How do the hard limits of intelligence help? My current understanding is that the hard limits are likely to be something like Jupiter brains, rather than mentats. If each step is only slightly better, won’t that result in a massive amount of tiny steps (even taking into account the nonlinearlity of it)?
Small value drifts are a large problem, if compounded. That’s sort of the premise of a whole load of fiction, where characters change their value systems after sequences of small updates. And that’s just in humans—adding in alien (as in different) minds could complicate this further (or not—that’s the thing about alien minds).
I think hard limits are a lot lower than most people think.

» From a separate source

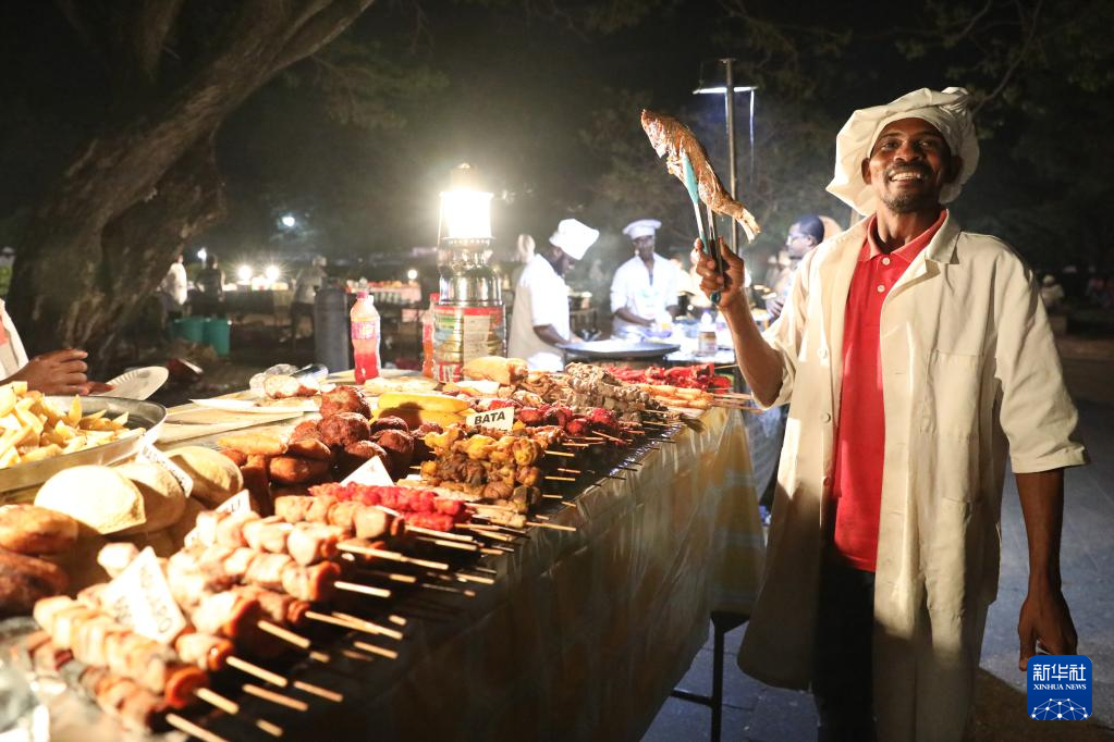 2月21日,在桑給巴爾石頭城夜市,一名攤主展示烤魚。

The speed of light takes 1/8th of a second to go across earth so it doesn’t sound too useful to have planet sized module if information transfer is so slow that individual parts will always be out of sync. I haven’t looked at this issue extensively but afaik no one else has either. I think at some point AI will just become a compute cluster. A legion of minds in a hierarchy of some sorts.
(GPT-4 is already said to be 8 subcomponents masquerading as 1)
Obviously this is easier to align as we only have to align individual modules.
Furthermore it matters how much the increment is. As a hypothetical if each step is a 50% jump with a .1% value drift and we hit the limit of a module in 32 jumps, then we will have a 430,000x capabilities increase with a 4% overall drift. I mean obviously we can fiddle these numbers but my point is it’s plausible. The fact that verification is usually far easier than coming up with a solution can help us maintain these low drift rates throughout. It’s not entirely clear how high value should be, just that it’s a potential issue.
For value drift to be interesting in fiction it has to go catastrophically wrong. I just don’t see why it’s guaranteed to fail and I think the most realistic alignment plans are some version of this.